Preference: USG is gradually becoming the preferred modality for disease prevention.

  • American Heart Association (AHA) recommends carotid artery duplex scanning in patients with high-risk features undergoing coronary artery bypass graft (CABG) surgery.
  • European Society of Cardiology (ESC) recommends carotid duplex ultrasound for evaluating the extent and severity of carotid stenosis.

Proof: Real-world evidence suggests benefits in risk-stratification through carotid artery screening.

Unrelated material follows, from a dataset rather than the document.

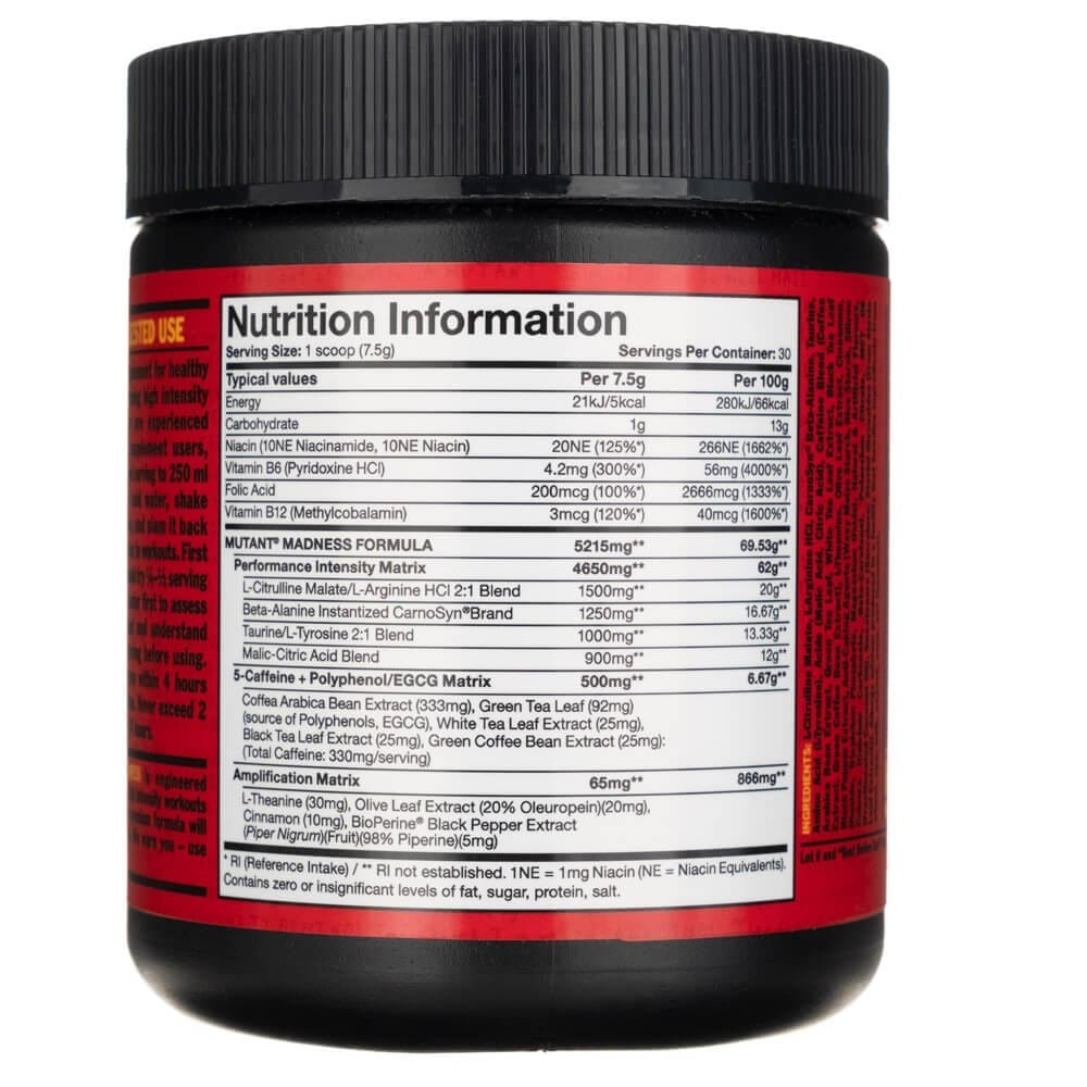 PVL Mutant Madness este un supliment alimentar sub formă de pudră formulat pentru antrenamente de cea mai mare intensitate. Mutant Madness conține arginină, citrulină, beta-alanină și mai multe ingrediente premium pentru a susține cel mai bine fiecare dintre antrenamentele tale.

  • Reduction in mortality rates (~10%), early disease diagnosis (~4.5 yrs), reduction in patient costs (by ~50%). [VIPVIZA]
  • Re-classification of low-risk patients to mid/high-risk based on the presence of carotid plaque. [Swiss AGLA]

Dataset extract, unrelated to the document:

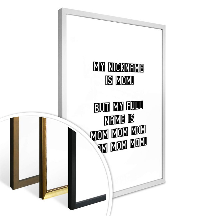 Das weisse Poster mit der schwarzen Aufschrift „My Nickname is Mom. But my full name is Mom Mom Mom Mom Mom Mom.“ ist ein Hingucker an der Wand. Der Spruch ist als Poster in verschiedenen Grössen erhältlich. Die Wandhalterung kannst du gleich mitbestellen!

Advantages: Govt. backed reimbursements for using advanced ultrasound technology.

  • US Hospitals can claim NTAP reimbursement of ~$1868 per patient diagnosed using ultrasound guidance technology (Caption Guidance) for CVD prevention.
  • American Medical Association (AMA) has introduced 2 new CPT codes for quantitative USG tissue characterization with ACR proposing an additional $82/scan.

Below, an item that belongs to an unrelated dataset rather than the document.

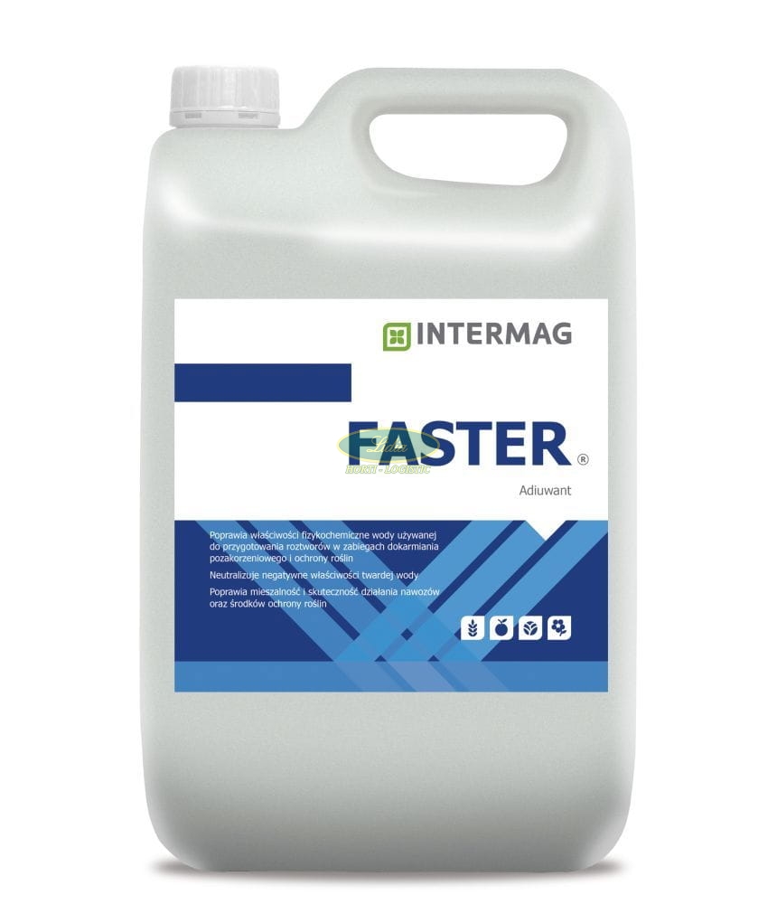 FASTER to adiuwant wspomagający zabiegi dokarmiania pozakorzeniowego oraz ochrony roślin. Poprawia właściwości cieczy roboczej, dzięki czemu zwiększa efektywność nawozów dolistnych oraz środków ochrony roślin.

What is holding back ultrasound-based CVD prevention programs?

POCUS devices have solved problems related to accessibility and affordability. But they have amplified issues related to operator skills since these ultra-portable POCUS devices can be used in any setting (remote areas, sports ground, battlefieldetc.) by most clinicians. The existing issues are:

  • Training is needed to perform the ultrasound scan as per the defined protocol.
  • Training is needed to capture diagnostic quality images from a running video (cine loop).
  • There are chances of misdiagnosis due to errors in:
    • Performing ultrasound measurements manually. Eg: plaque length/area, PW ESV/PDV, Degree of Stenosis etc.
    • Optimizing device settings manually. Ex: gate size/angle/position, box angle.
    • Detecting & quantifying abnormalities (plaques, stenosis, etc.).
  • Inter-operator variability due to operator dependence for probe navigation, abnormality detection, image capture and for optimization of USG device settings. 

In 2020, POCUS accounted for only ~3-5% of the ultrasound market by revenues. However,  global POCUS market revenue is predicted to increase to $4B by 2030 from $2B in 2020.

qVH has been designed to address all of the issues outlined above. qVH validation has begun at 2 sites in India & Argentina and will be expanded to 8 sites across Asia, Europe and North America within the next 3 months. qVH can be used with all existing ultrasound machines. Our beta sites are using Cart and POCUS machines.